Plus spécialement aux religieuses, il recommande : « Ayez un cœur de Mère, un esprit de jeunesse, une disponibilité d’enfant, un don de dévouement, une main offerte… ». La croissance de ces deux familles religieuses va le hanter et prendre une large part de son savoir-faire jusqu’à l’épuisement. Sœur Jacqueline Moundele témoigne sur ce bon pasteur qui deviendra Cardinal par la suite : « Le Cardinal était bon, conciliant et patient. Il a fait tout ce qu’il a pu pour continuer l’œuvre de Mgr Mbemba. Il a dû gérer et faire face à tous les malentendus provoqués par la création des Congrégations des Sœurs Congolaises du Rosaire et des Frères de St Joseph. Il tenait à venir lui-même célébrer les messes chez nous pour nous réconforter. Maintes et maintes fois, nous avons eu des réunions avec lui et M. l’Abbé Louis Badila sur les vocations religieuses. Tant qu’il était à Brazzaville, nous ne passions jamais un mois sans le rencontrer. Il venait parler fréquemment aux juvénistes »
Abbé Albert Nkoumbou
Extrait de son livre : « Le Cardinal Émile Biayenda Martyr de la foi chrétienne »
Qui était Mgr Théophile Mbemba ?
Celui auquel Monseigneur Biayenda va désormais succéder peut être considéré comme son prédécesseur, non seulement dans la prêtrise et l’épiscopat, mais aussi sur les chemins de la sainteté.

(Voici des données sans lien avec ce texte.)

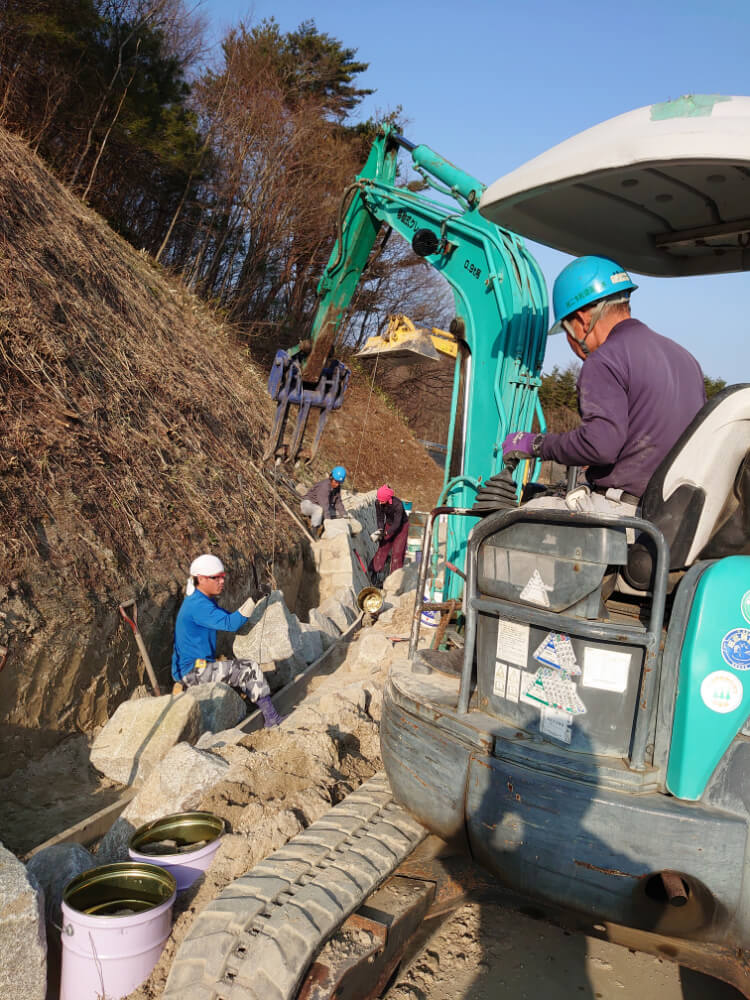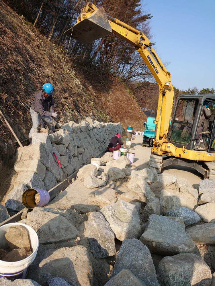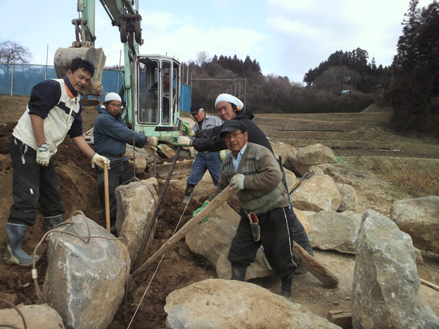 アプローチ 法面石積施工中②

Né le 6 mai 1917, au village Mpiaka (Brazzaville) de Joseph Bounkazi et de Marie Malounga ; septième d’une fratrie de neuf enfants dont six garçons et trois filles, tous, aujourd’hui chrétiennement décédés.
Baptisé en 1925, à la Mission de Kindamba (la même que Biayenda Émile), scolarisé en 1927, à l’école Jeanne d’Arc de Brazzaville où éclot sa vocation.

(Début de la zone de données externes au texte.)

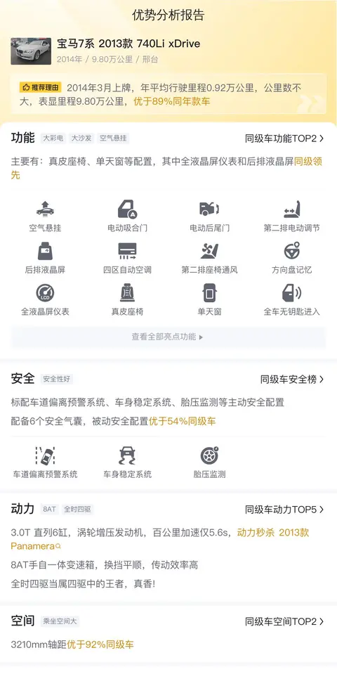 综上所述的新车含税价、用车成本、市场行情、优势分析、同款比价等数据仅供参考。在配置部分,因为二手车非标品,车辆可能会存在配置改装的情况,具体车况信息需要线下结合车辆实际情况进行综合参考。
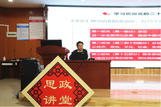 陈志祥聚焦党的二十届三中全会通过的《中共中央关于进一步全面深化改革、推进中国式现代化的决定》重要精神,围绕湖北区域发展定位,以及学生专业特色,以“进一步全面深化改革”为什么改、向哪里改、该怎么改三个核心问题,通过翔实准确的数据和经典案例引导学生学习理解“进一步全面深化改革”的主题、指导思想、主要目标、重大原则,并从体制、机制、制度等多层面阐述“进一步全面深化改革”的系统部署。

En 1930, il est admis au Petit Séminaire de Brazzaville, dans une promotion de neuf postulants dont deux parviendront au sacerdoce. Il fait ses études secondaires au Cameroun , au Séminaire d’Akono, en 1934, puis au Grand Séminaire de Yaoundé à partir de 1936. De 1939 à 1945, il est au Séminaire St Jean de Libreville.

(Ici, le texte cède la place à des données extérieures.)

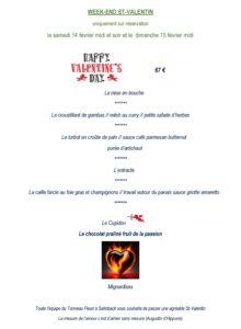 Dernière actualité MENU SAINT VALENTIN - SOIREE OENOELOGIE - OFFRE D'APPRENTISSAGE SALLE ET CUISINE - EXTRA EN SALLE DIMANCHE MIDI

Il est ordonné prêtre le 9 juin 1946, à Brazzaville ; il enseigne au Petit Séminaire St Paul de Mbamou, pendant une année, puis il est vicaire à la paroisse St Joseph de Linzolo, de 1947 à 1949, avant d’aller contribuer au développement de la mission Notre-Dame Auxiliatrice de Voka, de 1949 à 1956. La même année, il est affecté comme Curé de la paroisse Notre-Dame du Rosaire de Bacongo, à Brazzaville.
Curé doyen du territoire de la sous-préfecture de Brazzaville, en 1958, Vicaire Général en 1960 et responsable de la fraternité du District de Brazzaville et de l’Union Sacerdotale.